The project released their token, WTF, in an airdrop Friday at midnight. Essentially, users would be able to claim WTF tokens as well as a “Rekt” NFT for 0.01 ETH. The Rekt NFT grants lifetime access to the pro version of fees.wtf.
According to their Discord announcement, the initial launch would offer 100 million of WTF and the “circulating supply will be the main attraction in the tokenomics.” However, it didn’t quite go to plan.
Following a series of frantic trading behavior between bots in the opening hours of the airdrop, one bot ran off with a reported 58 ETH, or $180,000. On Etherscan, 58 ETH was drained from the wrapped ETH (WETH) to the WTF liquidity pool.

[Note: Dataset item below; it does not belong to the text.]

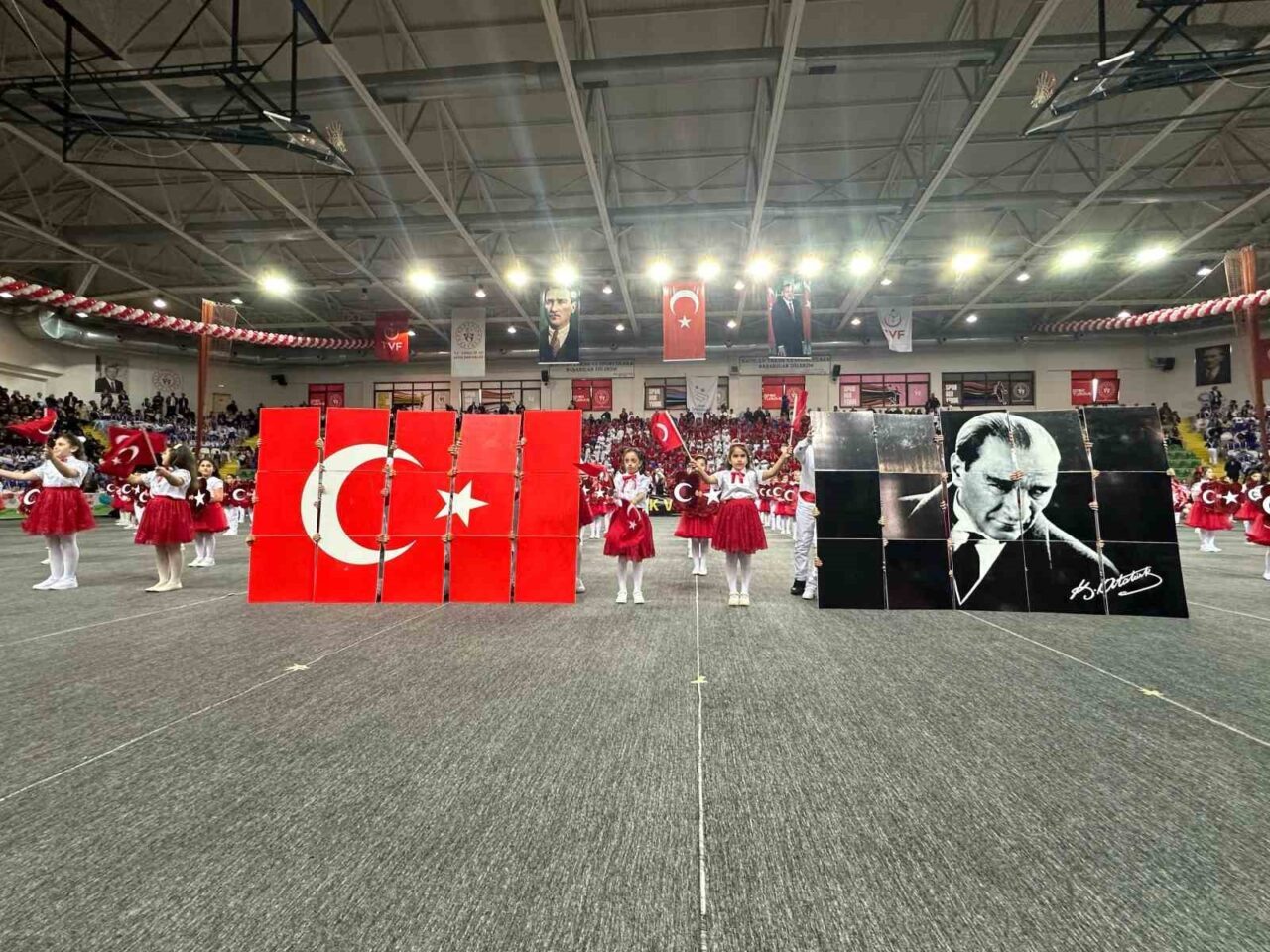 RİZE’DE 23 NİSAN ULUSAL EGEMENLİK VE ÇOCUK BAYRAMI KUTLAMALARI ÖĞRENCİLERİN TÜRK BAYRAKLARIYLA GERÇEKLEŞTİRDİKLERİ DANS GÖSTERİSİ İLE KUTLANDI
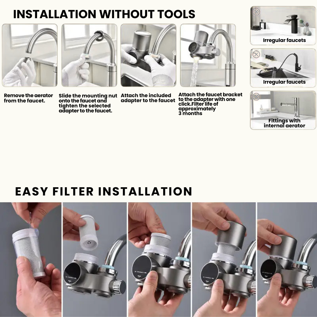 AcquaSense™the faucet filter that combines sleek design and intelligent monitoring. Its digital LED screen lets you track both water temperature and filter life, so you always know exactly what’s flowing from your tap.

Social media channels were quick to respond because many airdrop participants lamented losing thousands of dollars in ETH. The WTF team chimed in two hours after the airdrop to calm their ranks:
“Immediately on launch there was only a tiny bit of liquidity and there were ape bots that were chucking in 100s of ETH into a pool with an ETH or two of liquidity. They also had high slippage and ended up being sandwiched by the other bots which essentially drained all their ETH.”
Basically, within five minutes of the token launch, poor liquidity pool management from the WTF devs left the liquidity pool exposed. As there was low liquidity, bots were able to manipulate the price of WTF to then sell for WETH.
The bots would battle it out till one winner would take home the pot. In effect, the bot stole from users who provided liquidity to the pool, trying to claim their WTF tokens and Rekt NFT. The victor managed to send an “ultra-fast transaction at 3,000 Gwei”, making a 6x return on their initial investment.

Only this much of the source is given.